Mar 28, 2019 7:00 AM

Tracking Readers’ Eye Movements Can Help Computers Learn

As we read, our eyes reveal what words go together, and which are the most important. Researchers are applying that data to help neural networks understand language.

woman working at computer — Getty Images

The AI Database →

Application

Text analysis

Sector

Research

Source Data

Sensors

Text

Technology

Neural Network

For our eyes, reading is hardly a smooth ride. They stutter across the page, lingering over words that surprise or confuse, hopping over those that seem obvious in context (you can blame that for your typos), pupils widening when a word sparks a potent emotion. All this commotion is barely noticeable, occurring in milliseconds. But for psychologists who study how our minds process language, our unsteady eyes are a window into the black box of our brains.

Nora Hollenstein, a graduate student at ETH Zurich, thinks our reader’s gaze could be useful for another task: helping computers learn to read. Researchers are often looking for ways to make artificial neural networks more brainlike, but brain waves are noisy and poorly understood. So Hollenstein looks to gaze as a proxy. Last year she developed a dataset that combines eye tracking and brain signals gathered from EEG scans, hoping to discover patterns that can improve how neural networks understand language. “We wondered if giving it a bit more humanness would give us better results,” Hollenstein says.

Neural networks have produced immense improvements in how machines understand language, but in many cases they rely on large amounts of meticulously labeled data. That requires time and human labor; it also produces machines that are black boxes, and often seem to lack common sense. So researchers look for ways to give neural networks a nudge in the right direction by encoding rules and intuitions. In this case, Hollenstein tested whether data gleaned from the physical act of reading could help a neural network work better.

Last fall, Hollenstein and collaborators at the University of Copenhagen used her dataset to guide a neural network to the most important parts of a sentence it was trying to understand. In deep learning, researchers often rely on so-called attention mechanisms to do this, but they require large amounts of data to work well. By adding data around how long our eyes linger on a word, the researchers helped the neural networks focus on critical parts of a sentence as a human would. Gaze, the researchers found, was useful for a range of tasks, including identifying hate speech and detecting grammatical errors. In subsequent work Hollenstein found that adding more information about gaze, such as when eyes flit between words to confirm a relationship, helped a neural network better identify entities, like places and people.

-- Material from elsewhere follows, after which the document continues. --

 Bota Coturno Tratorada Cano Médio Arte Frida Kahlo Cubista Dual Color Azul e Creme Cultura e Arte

The hope, Hollenstein says, is that gaze data could help reduce the manual labeling required to use machine learning in rare languages, and in tasks where labeled data is especially limited, like generating summaries of text. Ideally, she adds, gaze would be just the starting point, eventually complemented by the EEG data she gathered as researchers find more relevant signals in the noise of brain activity.

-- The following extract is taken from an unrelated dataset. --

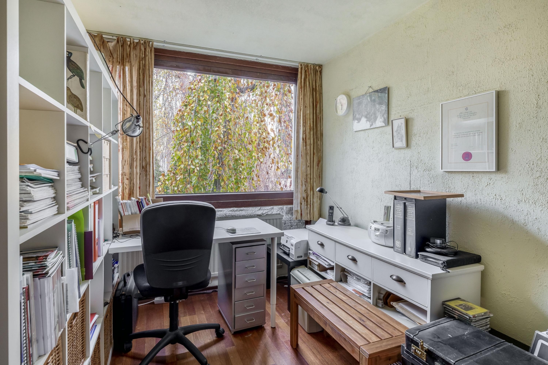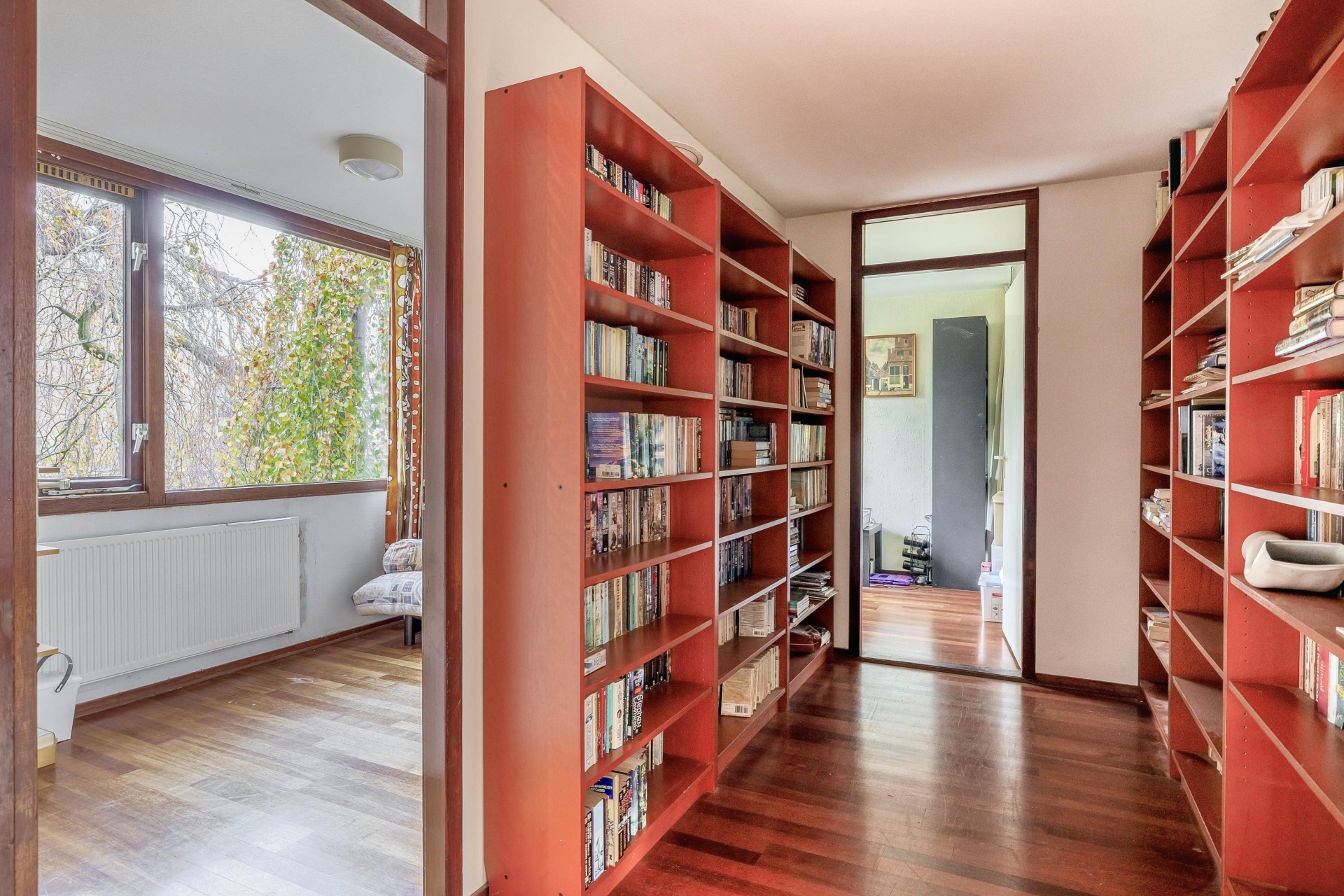 Op de eerste verdieping zijn vier goed bemeten slaapkamers te vinden, waarvan er een in gebruik is als werkkamer. Deze masterbedroom is ideaal in gebruik als ouderslaapkamer. De twee badkamers maken het ochtendritueel een stuk efficiënter – geen wachtrijen meer voor de douche! Op de tweede verdieping vindt u nog een royale kamer welke thans in gebruik is als bibliotheek en werkkamer. Hier zijn met enkele eenvoudige aanpassingen twee slaapkamers te realiseren. Op deze verdieping is er tevens toegang tot een kleine bergvliering.

“The fact that the signals are there is I think clear to everyone,” says Dan Roth, a professor of computer science at the University of Pennsylvania. The trend in AI of using ever-increasing quantities of labeled data isn’t sustainable, he argues, and using human signals like gaze, he says, is an intriguing way to make machines a little more intuitive.

Still, eye tracking is unlikely to change how computer scientists build their algorithms, says Jacob Andreas, a researcher at Microsoft-owned Semantic Machines. Most of the manual text labeling that researchers depend on can be done fast and cheaply, via crowdsourcing platforms like Amazon’s Mechanical Turk. Gaze data is difficult to gather, requiring specialized lab equipment that needs constant recalibration, and EEGs are messier still, involving sticky probes that need to be wet every 30 minutes. (Even with all that effort, the signal is still fuzzy; it’s much better to place the probes under the skull.) But Hollenstein sees improvements on the horizon, with better webcams and smartphone cameras, for example, that could passively collect eye-tracking data as participants read in the leisure of their homes.

In any case, some of what they learn by improving machines might help us understand that other black box, our brains. As Andreas notes, researchers are constantly scouring neural networks for signs that they make use of humanlike intuitions---rather than relying solely on pattern matching based on reams of data. By observing what aspects of eye tracking and EEG signals improve the performance of a neural network, researchers might begin to shed light on what our brain signals mean. A neural network could become a kind of model organism for the human mind.